According to a report by the United Nations Conference on Trade and Development (UNCTAD) titled Economic Development in Africa Report 2018: Migration for Structural Transformation, in 2017, 19 million international migrants moved within Africa while 17 million Africans left the continent. Moreover, 5.5 million people came into the continent from outside, making Africa an emigration destination.
According to the report, the top five intra-African migration destinations in 2017 were South Africa, Cote d’Ivoire, Uganda, Nigeria, and Ethiopia (all exceeding a million migrants). UN experts say that despite the hostility it often displays to migrants, South Africa remains the top destination for African migrants because of the perceived strength of its economy.
As former Liberian president Ellen Johnson Sirleaf, who chairs the UN High-Level Panel on Migration, explains, “countries with relatively higher levels of economic and human development such as Morocco, Algeria, Tunisia, South Africa, Ghana and Senegal tend to have comparatively higher emigration rates outside the continent than poorer countries”.
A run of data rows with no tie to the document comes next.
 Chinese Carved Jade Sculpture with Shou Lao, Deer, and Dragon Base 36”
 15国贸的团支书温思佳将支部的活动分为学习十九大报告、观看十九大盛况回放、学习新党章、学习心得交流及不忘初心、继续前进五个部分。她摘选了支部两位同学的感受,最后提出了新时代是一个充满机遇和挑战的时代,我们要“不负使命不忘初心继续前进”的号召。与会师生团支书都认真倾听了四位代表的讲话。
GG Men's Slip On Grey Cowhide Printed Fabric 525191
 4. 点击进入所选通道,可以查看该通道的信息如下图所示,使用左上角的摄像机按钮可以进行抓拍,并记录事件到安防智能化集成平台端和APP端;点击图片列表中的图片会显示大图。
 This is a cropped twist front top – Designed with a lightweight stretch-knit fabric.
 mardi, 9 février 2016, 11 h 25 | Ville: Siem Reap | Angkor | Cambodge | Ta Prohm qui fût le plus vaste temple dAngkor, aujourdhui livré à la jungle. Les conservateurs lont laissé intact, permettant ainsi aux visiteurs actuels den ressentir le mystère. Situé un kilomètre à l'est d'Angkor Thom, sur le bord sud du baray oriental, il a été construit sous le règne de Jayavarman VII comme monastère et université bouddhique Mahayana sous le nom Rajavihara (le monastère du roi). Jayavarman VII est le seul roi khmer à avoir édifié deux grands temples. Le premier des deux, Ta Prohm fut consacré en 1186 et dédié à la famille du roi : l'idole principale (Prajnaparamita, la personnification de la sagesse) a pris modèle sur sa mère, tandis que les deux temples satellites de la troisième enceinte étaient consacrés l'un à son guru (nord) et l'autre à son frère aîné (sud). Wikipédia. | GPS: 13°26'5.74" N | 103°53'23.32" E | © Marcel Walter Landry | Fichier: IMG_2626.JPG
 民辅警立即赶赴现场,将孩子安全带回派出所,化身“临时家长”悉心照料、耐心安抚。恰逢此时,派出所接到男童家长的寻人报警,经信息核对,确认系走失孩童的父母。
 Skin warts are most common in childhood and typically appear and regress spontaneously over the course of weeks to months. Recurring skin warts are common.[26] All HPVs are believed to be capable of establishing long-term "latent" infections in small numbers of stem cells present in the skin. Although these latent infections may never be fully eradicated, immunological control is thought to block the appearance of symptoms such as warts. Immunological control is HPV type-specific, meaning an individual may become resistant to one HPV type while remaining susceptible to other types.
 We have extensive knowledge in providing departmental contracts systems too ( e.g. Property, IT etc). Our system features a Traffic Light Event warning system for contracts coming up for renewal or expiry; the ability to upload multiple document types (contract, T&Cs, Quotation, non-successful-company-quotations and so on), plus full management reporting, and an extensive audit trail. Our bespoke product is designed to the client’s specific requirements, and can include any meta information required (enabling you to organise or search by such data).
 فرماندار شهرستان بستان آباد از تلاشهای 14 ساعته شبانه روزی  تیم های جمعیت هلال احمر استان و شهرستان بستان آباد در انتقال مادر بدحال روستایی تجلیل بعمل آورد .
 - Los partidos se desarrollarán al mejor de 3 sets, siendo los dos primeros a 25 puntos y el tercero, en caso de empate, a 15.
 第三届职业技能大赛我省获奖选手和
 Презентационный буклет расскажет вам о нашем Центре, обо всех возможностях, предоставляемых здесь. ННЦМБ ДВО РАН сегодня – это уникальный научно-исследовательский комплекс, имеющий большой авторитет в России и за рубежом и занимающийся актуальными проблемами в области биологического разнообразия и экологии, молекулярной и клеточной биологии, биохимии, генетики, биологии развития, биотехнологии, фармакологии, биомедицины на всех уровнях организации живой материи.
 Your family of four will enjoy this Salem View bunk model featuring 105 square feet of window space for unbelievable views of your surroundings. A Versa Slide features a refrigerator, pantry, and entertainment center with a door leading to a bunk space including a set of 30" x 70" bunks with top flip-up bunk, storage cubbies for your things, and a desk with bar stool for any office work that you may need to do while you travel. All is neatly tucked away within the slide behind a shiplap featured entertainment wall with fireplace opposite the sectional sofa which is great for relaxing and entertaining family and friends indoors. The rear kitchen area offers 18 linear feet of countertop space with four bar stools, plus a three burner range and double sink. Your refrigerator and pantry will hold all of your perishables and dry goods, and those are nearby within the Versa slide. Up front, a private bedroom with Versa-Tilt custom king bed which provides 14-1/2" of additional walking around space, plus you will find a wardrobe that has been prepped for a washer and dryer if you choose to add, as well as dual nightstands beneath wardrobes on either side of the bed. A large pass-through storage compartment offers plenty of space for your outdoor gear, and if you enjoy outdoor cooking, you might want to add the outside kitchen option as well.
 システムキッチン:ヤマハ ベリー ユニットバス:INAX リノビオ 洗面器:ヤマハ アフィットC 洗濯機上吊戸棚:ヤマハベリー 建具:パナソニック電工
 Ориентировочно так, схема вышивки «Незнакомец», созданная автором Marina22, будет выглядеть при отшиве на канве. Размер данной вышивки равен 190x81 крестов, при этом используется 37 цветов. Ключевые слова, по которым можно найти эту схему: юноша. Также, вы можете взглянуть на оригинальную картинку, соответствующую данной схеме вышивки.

African countries also benefit from intra-migration. According to the report, international migrants contributed to 19 per cent of Côte d’Ivoire’s GDP(2008), 13 per cent in Rwanda (2012), nine per cent in South Africa (2011) and one per cent in Ghana (2010).
Remittances also helped the continent a great deal. UNCTAD says that both intra- and extra-continental migration are needed to support the continent’s structural transformation. Remittance inflows to Africa almost doubled from U.S. $38.4 billion in the 2005–2007 period to $64.9 billion from 2014 to 2016. According to AllAfrica, this accounted for 51 per cent of private capital flows to Africa in 2016, up from 42 per cent in 2010.
Still, as the report notes, “Images of thousands of African youth drowning in the Mediterranean, propelled by poverty or conflict at home and lured by the hope of jobs abroad, have fed a misleading narrative that migration from Africa harms rather than helps the continent.” Presenting statistics like these is the one way to combat this widely unsubstantiated story.